Alongside the simple fine-tuning approach, more involved transfer learning approaches have also been proposed in the recent literature, e.g., Anderson et al. [2016] learns the way pre-trained model parameters are shifted on new datasets. The learned transformation is then applied to the network parameters and the resulting activations beside the pre-trained (non-tunable) network activations are used in the final model.

aPopular deep learning libraries host a wide variety of pre-trained CNN models, e.g.,

Tensorflow (https://github.com/tensorflow/models),

Torch (https://github.com/torch/torch7/wiki/ModelZoo),

Keras (https://github.com/albertomontesg/keras-model-zoo,

Caffe (https://github.com/BVLC/caffe/wiki/Model-Zoo),

MatConvNet (http://www.vlfeat.org/matconvnet/pretrained/).

bhttp://places.csail.mit.edu/downloadCNN.html

5.2  REGULARIZATION OF CNN

Since deep neural networks have a large number of parameters, they tend to over-fit on the training data during the learning process. By over-fitting, we mean that the model performs really well on the training data but it fails to generalize well to unseen data. It, therefore, results in an inferior performance on new data (usually the test set). Regularization approaches aim to avoid this problem using several intuitive ideas which we discuss below. We can categorize common regularization approaches into the following classes, based on their central idea:

•  approaches which regularize the network using data level techniques (e.g., data augmentation);

•  approaches which introduce stochastic behavior in the neural activations (e.g., dropout and drop connect);

•  approaches which normalize batch statistics in the feature activations (e.g., batch normalization);

•  approaches which use decision level fusion to avoid over-fitting (e.g., ensemble model averaging);

•  approaches which introduce constraints on the network weights (e.g., 1 norm, 2 norm, max-norm, and elastic net constraints); and

•  approaches which use guidance from a validation set to halt the learning process (e.g., early stopping).

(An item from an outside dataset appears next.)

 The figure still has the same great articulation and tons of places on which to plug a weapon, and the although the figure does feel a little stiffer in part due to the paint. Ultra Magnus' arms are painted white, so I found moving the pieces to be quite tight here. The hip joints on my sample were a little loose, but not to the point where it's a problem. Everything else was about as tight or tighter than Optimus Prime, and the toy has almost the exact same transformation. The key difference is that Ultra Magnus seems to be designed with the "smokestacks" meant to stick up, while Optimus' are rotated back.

Next, we discuss the above-mentioned approaches in detail.

5.2.1  DATA AUGMENTATION

Data augmentation is the easiest, and often a very effective way of enhancing the generalization power of CNN models. Especially for cases where the number of training examples is relatively low, data augmentation can enlarge the dataset (by factors of 16×, 32×, 64×, or even more) to allow a more robust training of large-scale models.

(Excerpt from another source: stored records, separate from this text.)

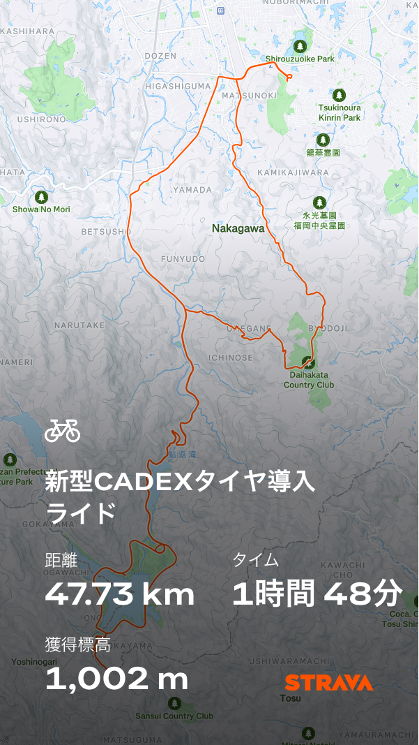 さらに実走では、大博多カントリークラブの登りのセグメントで自己記録を約1分更新し、ストラバでトロフィーも獲得。軽量性とトラクションのバランスが絶妙で、登りのパフォーマンスにも大きな効果を実感しました。
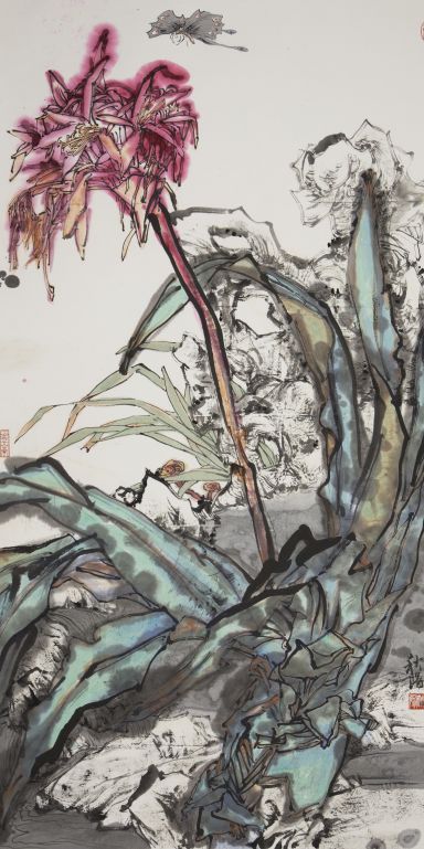 他画中的每一朵花,每一只鸟,每一株草,每一棵树,都注入了浓厚的文化底蕴,强调了“写”与“意”的结合。笔势的美感和墨色的韵致,在画面中营造了近乎抽象的意象之美。那些看似不经意的墨色晕染,如同天成的纹理,展现了画家自由洒脱的创作状态,一种“心游物外,得意忘象”的大气魄。
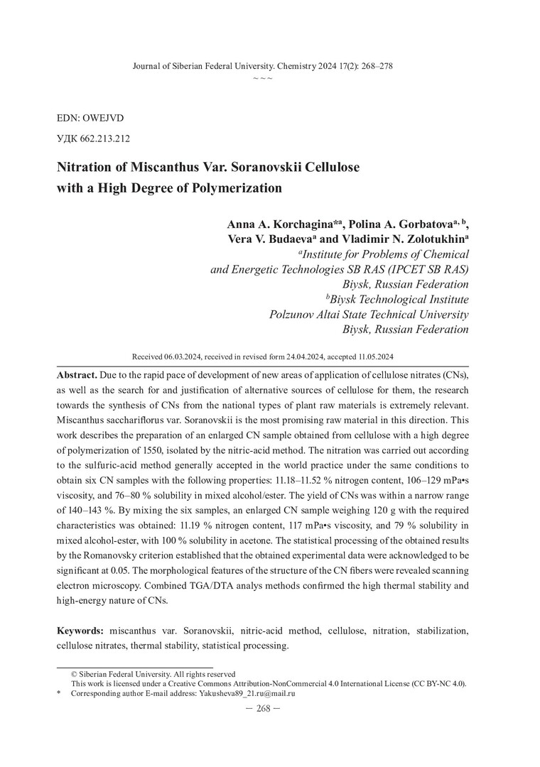 Библиографическое описание:Нитрование целлюлозы с высокой степенью полимеризации из мискантуса сорта Сорановский = Nitration of Miscanthus Var. Soranovskii Cellulose with a High Degree of Polymerization / А. А. Корчагина, П. А. Горбатова, В. В. Будаева, В. Н. Золотухин. - Текст : непосредственный // Журнал Сибирского федерального университета. Химия. - 2024. - Т. 17, № 2. - С. 268-278. - Библиогр.: с. 276-278 (24 назв.). - ISSN 1998-2836.

Data augmentation is performed by making several copies from a single image using straightforward operations such as rotations, cropping, flipping, scaling, translations, and shearing (see Fig. 5.1). These operations can be performed separately or combined together to form copies, which are both flipped and cropped.

Color jittering is another common way of performing data augmentation. A simple form of this operation is to perform random contrast jittering in an image. One could also find the principal color directions in the R, G, and B channels (using PCA) and then apply a random offset along these directions to change the color values of the whole image. This effectively introduces color and illumination invariance in the learned model [Krizhevsky et al., 2012].

Another approach for data augmentation is to utilize synthetic data, alongside the real data, to improve the generalization ability of the network [Rahmani and Mian, 2016, Rahmani et al., 2017, Shrivastava et al., 2016]. Since synthetic data is usually available in large quantities from rendering engines, it effectively extends the training data, which helps avoid over-fitting.

Image

Figure 5.1: The figure shows an example of data augmentation using crops (column 1 and 2), rotations (column 3) and flips (column 4). Since the input image is quite complex (has several objects), data augmentation allows the network to figure out some possible variations of the same image, which still denote the same scene category, i.e., a theater.

5.2.2  DROPOUT

One of the most popular approaches for neural network regularization is the dropout technique [Srivastava et al., 2014]. During network training, each neuron is activated with a fixed probability (usually 0.5 or set using a validation set). This random sampling of a sub-network within the full-scale network introduces an ensemble effect during the testing phase, where the full network is used to perform prediction. Activation dropout works really well for regularization purposes and gives a significant boost in performance on unseen data in the test phase.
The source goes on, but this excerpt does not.